In 1948, there were about 76,000 Jews in Egypt. Today, approximately 40 Jews live in Egypt, mostly elderly women in Cairo and Alexandria.
“One day, not far away, there will be no Egyptian Jew living in this country, but there will be a legacy of Egyptian Jews who were like other people, good and bad, rich and poor, observant and secular – but they were there; and their cemeteries and synagogues – like their memoires and pictures – will still be there,” Magda Haroun said in an interview with Ahram Online.
Magda Haroun was chosen unanimously in April to be the new president of The Egyptian Jewish Community Council following the passing of its previous leader, Carmen Weinstein, who guided the community for more than 20 years. Part of her popularity is that, at 60, she is the youngest in a dwindling Jewish community.
Haroun’s father, Shehata, was known for being staunchly anti-Zionist and loyal to his country. In 1954, he refused to leave Egypt to get leukemia treatments for his 4-year old daughter after being informed he would be given a No-Return stamp on his passport. His daughter died soon after.

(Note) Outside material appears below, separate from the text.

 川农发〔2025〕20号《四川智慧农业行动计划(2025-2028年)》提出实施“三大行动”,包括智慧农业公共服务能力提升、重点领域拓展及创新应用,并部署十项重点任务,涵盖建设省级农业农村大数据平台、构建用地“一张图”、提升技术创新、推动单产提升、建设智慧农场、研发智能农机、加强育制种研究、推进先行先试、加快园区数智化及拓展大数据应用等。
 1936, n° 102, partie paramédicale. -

The Jewish community has not fared much better since then, including under Mohamed Morsi’s tenure. This past year, the Ministry of Social Affairs cancelled a $13,000 grant to the Jewish community without notifying its leadership. The grant was vital to the remaining Jewish community, which has practically no other source of income.

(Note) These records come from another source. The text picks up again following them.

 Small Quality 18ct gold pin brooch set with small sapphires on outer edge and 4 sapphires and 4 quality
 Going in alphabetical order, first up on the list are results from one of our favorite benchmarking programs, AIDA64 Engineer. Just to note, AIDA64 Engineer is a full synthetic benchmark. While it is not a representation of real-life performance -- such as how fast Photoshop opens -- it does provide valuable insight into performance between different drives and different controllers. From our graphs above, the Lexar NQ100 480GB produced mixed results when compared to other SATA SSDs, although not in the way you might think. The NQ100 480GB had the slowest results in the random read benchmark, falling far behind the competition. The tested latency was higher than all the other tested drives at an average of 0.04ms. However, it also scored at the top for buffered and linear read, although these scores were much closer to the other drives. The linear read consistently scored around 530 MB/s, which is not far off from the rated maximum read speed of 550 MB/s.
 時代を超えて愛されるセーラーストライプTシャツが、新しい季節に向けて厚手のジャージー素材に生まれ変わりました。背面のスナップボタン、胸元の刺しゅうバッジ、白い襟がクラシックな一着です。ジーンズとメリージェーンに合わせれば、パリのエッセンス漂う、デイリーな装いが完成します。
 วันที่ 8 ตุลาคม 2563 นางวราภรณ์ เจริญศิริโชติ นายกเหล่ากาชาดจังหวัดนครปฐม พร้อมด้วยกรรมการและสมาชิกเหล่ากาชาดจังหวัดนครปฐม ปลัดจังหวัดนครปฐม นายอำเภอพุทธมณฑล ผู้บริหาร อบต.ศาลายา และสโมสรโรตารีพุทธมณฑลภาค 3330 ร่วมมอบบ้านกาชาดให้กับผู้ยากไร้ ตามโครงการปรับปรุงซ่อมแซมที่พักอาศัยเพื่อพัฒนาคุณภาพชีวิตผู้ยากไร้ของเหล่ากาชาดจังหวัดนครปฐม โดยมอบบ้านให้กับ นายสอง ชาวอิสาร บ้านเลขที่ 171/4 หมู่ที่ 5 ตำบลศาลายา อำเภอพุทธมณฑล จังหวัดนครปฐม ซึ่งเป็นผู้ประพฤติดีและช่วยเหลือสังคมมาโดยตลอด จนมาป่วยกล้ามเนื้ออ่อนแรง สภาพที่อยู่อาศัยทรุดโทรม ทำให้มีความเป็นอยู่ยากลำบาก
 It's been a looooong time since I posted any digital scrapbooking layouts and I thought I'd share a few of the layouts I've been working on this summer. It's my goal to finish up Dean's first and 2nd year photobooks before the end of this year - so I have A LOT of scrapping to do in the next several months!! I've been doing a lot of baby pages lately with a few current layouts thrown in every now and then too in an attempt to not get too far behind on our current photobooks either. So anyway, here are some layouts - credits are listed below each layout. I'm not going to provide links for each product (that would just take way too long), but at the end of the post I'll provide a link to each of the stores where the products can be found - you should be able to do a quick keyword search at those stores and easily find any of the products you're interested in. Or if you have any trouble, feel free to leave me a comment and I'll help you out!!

“Many people do not understand that I belong to my country regardless of my religion. Zionism is a racist movement that discriminates between people on the basis of religion. They do not understand that I am loyal to my country, not Israel. It was our father that nurtured those feelings of fierce loyalty in us,” Haroun said in a recent interview with Egypt Independent.
”The failure to draw a distinction between Judaism as a religion and the Israeli state is the result of ignorance,” she continued. “Just like not every Muslim is a member of al-Qaida, not every Jew is an Israeli.”
Despite the troubles Haroun and the community have faced, they have no intention of leaving Egypt.
“I am loyal to my country, not Israel,” Haroun told Egypt Independent. “When someone asks why we have not left the country, I feel provoked. Why would we leave the country and emigrate? And where would we go? Why do some people think that all the Jews should immigrate to Israel? Do all Muslim immigrate to Saudi Arabia?”